The Woman Next Door

‘Ready?’

The woman’s back was wide, and Hortensia felt like a child as she traipsed behind her down the passageway. It was safe, like being in a human slipstream. The mortician’s shoulders, and the shock of red curls that fell onto them, reminded Hortensia that she had to ask Malachi the gardener to trim back the ivy by the gate. Probably he hadn’t noticed, he was the kind of gardener that didn’t notice things. Then there was the continual problem of her concrete pots by the entrance steps. Hortensia had had the pots made, specially cast; she’d had the paint factory use an acid-based dye. Four pots, square-shaped because the entrance porch required corners, strong lines versus baroque curves. On each square pot was a white image, the silhouette of a bird with a delicate elongated beak that might suggest a hummingbird, but only if you looked closely. The birds, when the pots were arranged as they should be, ascended as if heading skywards. Malachi moved the pots around often. For instance, if he was turning their soil or if she’d asked him to plant something bright and pretty. Then he’d return the pots along the right-hand side of the porch, one for each step, but the birds would be jumbled, some facing east, some west, no skywards-effect. The suffering she experienced at the hands of a gardener without an eye for these things.

‘I’ll leave you for a few minutes. Take your time, Ma’am.’

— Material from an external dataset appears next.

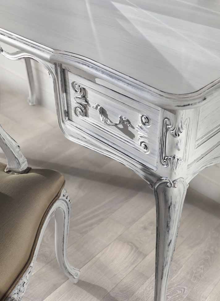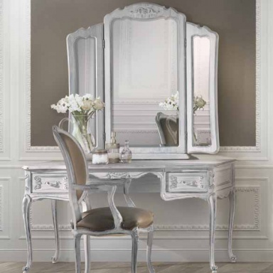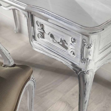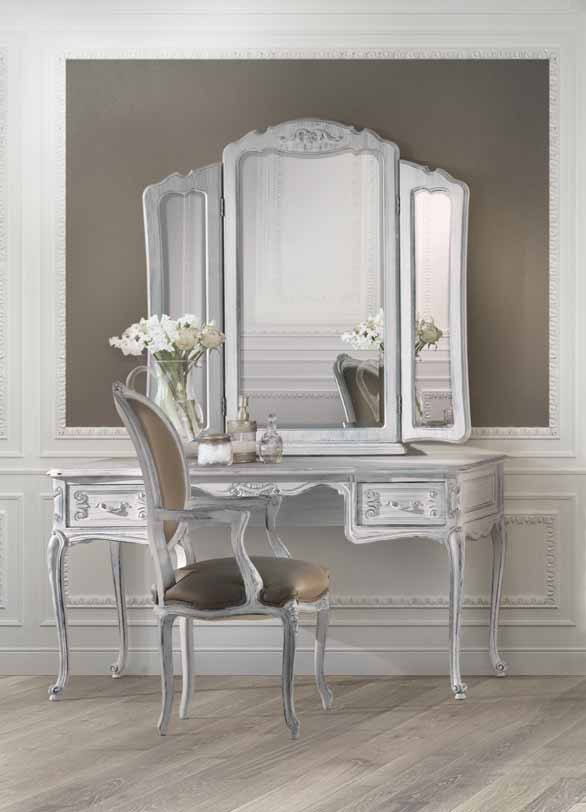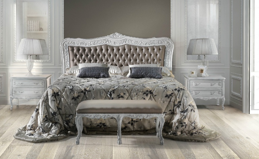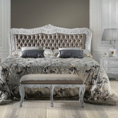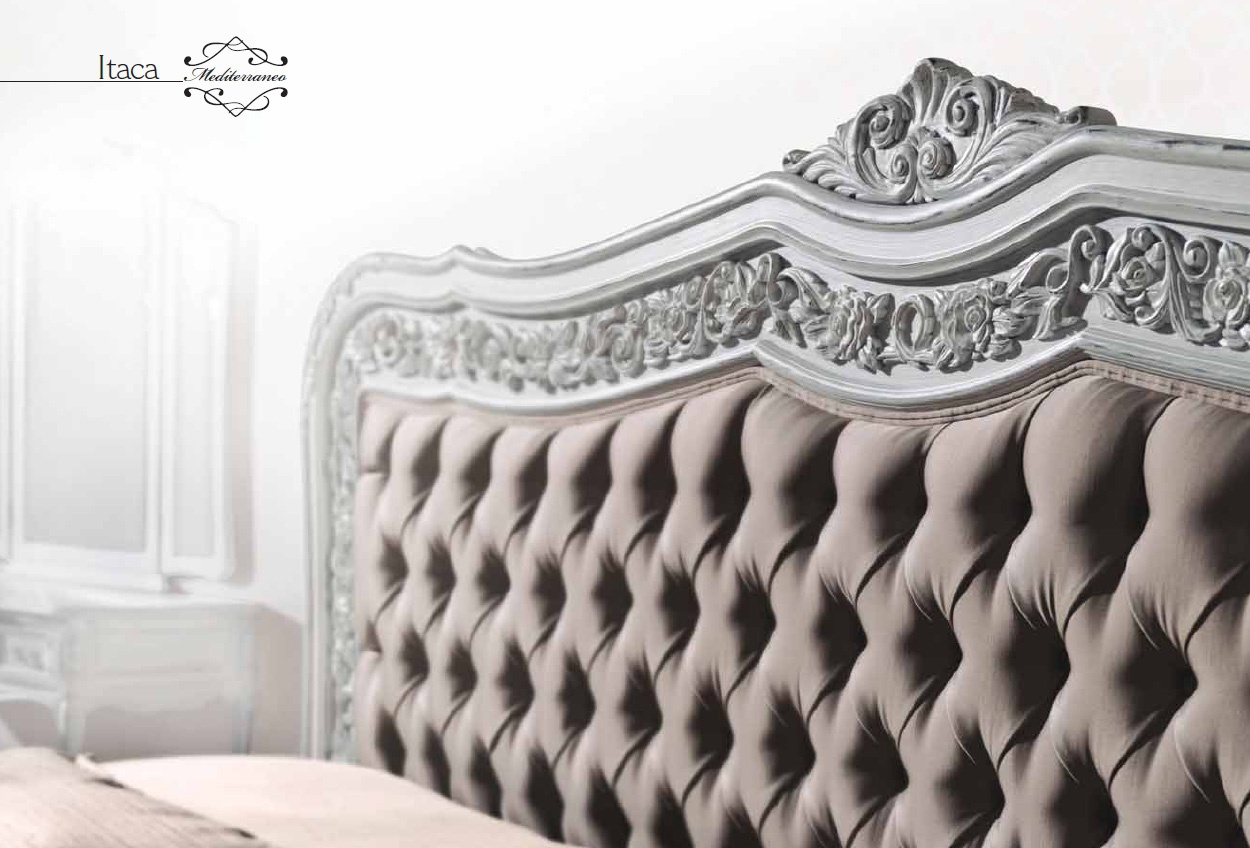 Headsets for Itaca bedrooms from Italian manufacturer Angelo Cappellini. Set includes a double bed, two bedside tables, a dressing table, bench and chair with armrests. Double bed with high headboard. Headboard with quilted upholstery edged carved frame. Tables on figured legs fitted with two drawers. A dressing table is also equipped with drawers and completed with mirror in a frame. Chair with high back and armrests is available in soft upholstery. Furniture for the headset is made of wood and decorated with handmade carving.

Hortensia moved closer to the bed. She put her mouth in a line, surprised at herself, at the agreement she was making with her face that this was not the time for tears. She edged forward, took a look. Of course it wasn’t him. It never is. And, unable to stop it, the thought came that she too would lie down one day, not ever to get up, and maybe someone (the cleaner or the nurse in charge) would edge forward. Of course it would be the cleaner or the nurse. It wouldn’t (couldn’t) be anyone who actually knew her. It wouldn’t be anyone who would be able to tell that this wasn’t her; that, in death, she wasn’t herself. And wasn’t that somehow a failing – having no known-one there to witness? What could be more fitting than dying and having people who knew you from when you were alive; have them present to look into your casket and confirm that ‘It isn’t you’; that no, you were quite different in life; that yes, death had taken something, there had been something to take. Hortensia’s eyes wandered with her mind, she looked to the corners of the small wooden-panelled room, she looked to the ceiling. Imagine having people witness that, in death, you looked the same. And then her eyes fell to the dead body that was not Peter.

His face was grey-green and small. It had sunken in, as if he’d taken a very big breath, sucked all the air in and hollowed his cheeks, but not got the chance to breathe out again. She felt sorry for him. She reached out and touched his cheekbone. The skin was like wet, but it wasn’t. Damp somehow.

His hands were knobbled, in particular his ring-finger. The knuckle swollen, his golden band trapped in place. Hortensia moved her hand to the ring, to the cold of the soft metal. It was now too late. She sucked her tongue to distract herself – what was the point of crying now, whatever was the point? She turned to call the mortician back, tell the plank of a woman that she’d seen him enough. And just then Hortensia remembered that the paint-seller had called that colour, for the pots, ‘Magic Teal’. And after the pots had been delivered Hortensia had thought how unlike its name the colour looked. And, without any way of explaining it, she’d felt cheated.